The countryside along here is remarkably likje the west of Ireland. Its wet, green, the fields all have stone walls. Cattle and sheep graze on the grass. The only difference is the people who tend the animals and the altitude.
Once evcerybody has the Bolivian stamp on their passport the makes a 10min drive down to Copacabana which appears suddenly and dramatically on the lake shore, huddled between two hills. On the edge of town an official comes on board to collect an entry tax. This is novel. I´ve paid plenty of departure taxes in Peru but this is the first time I´ve paid to enter a town.
First impressions of Copacabana aren´t great. I´m missing Peru, its damp, overcast. Its a relatively small town and I have little difficulty in finding the Hostel I´d like to stay at. I take a small box room under a staircase. The bathroom is across a central courtyard which my room faces onto. I don´t mind though. The room is only 15 Bolivianos (less than e.u.2). The hostel is simple but quite attractive arranged around a cobbled courtyard. It is decorated simply with Inca motifs.

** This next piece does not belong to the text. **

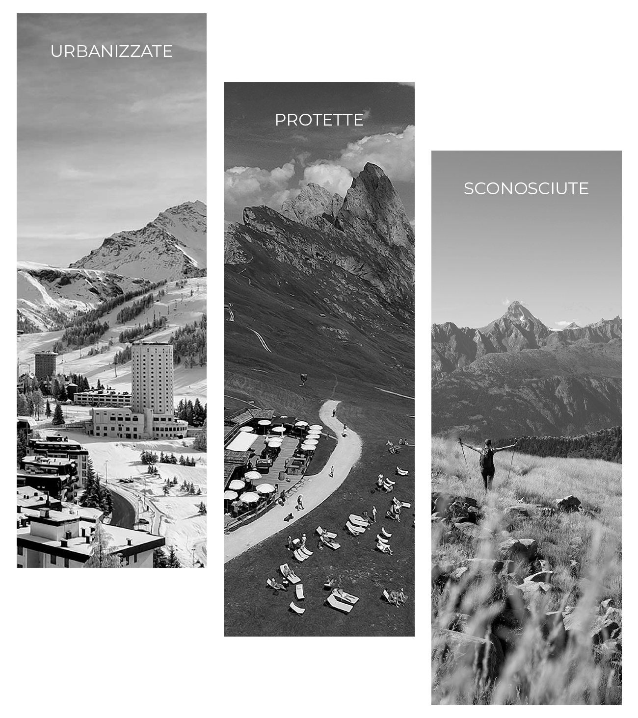 Ogni manifesto presenta l’immagine al vivo di una montagna iconica della zona, “oscurata” mediante lo spazio negativo che lascia posto al body copy. Nell’angolo superiore sinistro è invece posizionato un unico blocco contenente il titolo e sottotitolo della mostra fotografica, oltre al luogo e al periodo di esposizione.

I walk through the central plaza from where all the buses and collectivos depart. As the buses move off the place gets choked with black noxious fumes from the exhausts. Walking up one of the main streets the place seems very touristy. There are souvenir shops decked out with all the touristy hats, jumpers, bags etc. There are no ATMs in town but plenty of moneychangers who give you Bolivianos for a hefty commission. A brief climb to the top of this street opens on to a second Plaza on the right of which stands a remarkable church which looks ditinctly like a mosque. Its one of the most unusual churches I´ve seen and dominates the plaza.
I get some money changed and sort out a ticket for a trip onto the lake to see La Isla Del Sol, the sacred island of the Incas and still home to a substantial population of 5,000. Its only 20 Bolivianos (eu 2.50) for a day trip. I´m beginning to like this place. By now the sun has come out and its a lovely afternoon. I head for one of the hills overlooking the town, Cerro Calverio. There´s a steep, twisting, cobbled path which leads to the summit. At intervals along the way stations of the cross mark the route. By the looks of thenumbers doing the stations today Catholocism is still strong in Bolivia. The path is busy with people climbing and descending. Groups of families cluster around the stations, praying. At the top a surprise is in store. Numerous stalls sell toy cars, model houses, fake dollars etc. Its like an open air toyshop surrounding the 14th station. It turns out these toys are to be used as little votive offerings to the Gods. People buy the cars, houses, dollars and place them in little plots which are allocated around the summit. I watched as extended families came placed their model houses into the plot, decorate them with ribbons, douse them with beer/soft drinks and then set off fire crackers. Sometimes wads of fake dollars are placed on the houses. It is believed that by performing this ceremony your wishes for the coming year will be granted. The family brings a picnic and drinks and has a small celebration before returning back down the hill.
As one family leaves an old guy, obviously merry with beer, comes over to me and says hello. He asks me where I´m from and told me he was Aymara ( a tribe indigenous to Lake Titicaca) and speaks Quechuan. I thought Ireland was a long way away. A lot of what he said I couldn´t understand but we just laughed. The rest of the family gathered around all laughing with me.......... or perhaps at me. Before he left the old guy got to have a photo with the gringo.
Another large family, nearly 30, took the place of those leaving and set up there little models for their own ceremony. I was joined by 6 other backpackers, all of us toting our cameras like gunslingers, waiting for a piece of the action, to get some shots of this unusual ritual. Members of the family kept glancing up at us, conscious of what we were about. I didn´t take a photo. I felt it would be too intrusive so I left the family to their celebration and hiked back down to the town.
The views over Copacabana from this hill were spectacular. The place with all its quirks is starting to grow on me. In the evening sunshine the place looks so much better than it did this morning. I´m looking forward to seeing Isla del Sol tomorow. I hope the weather stays good.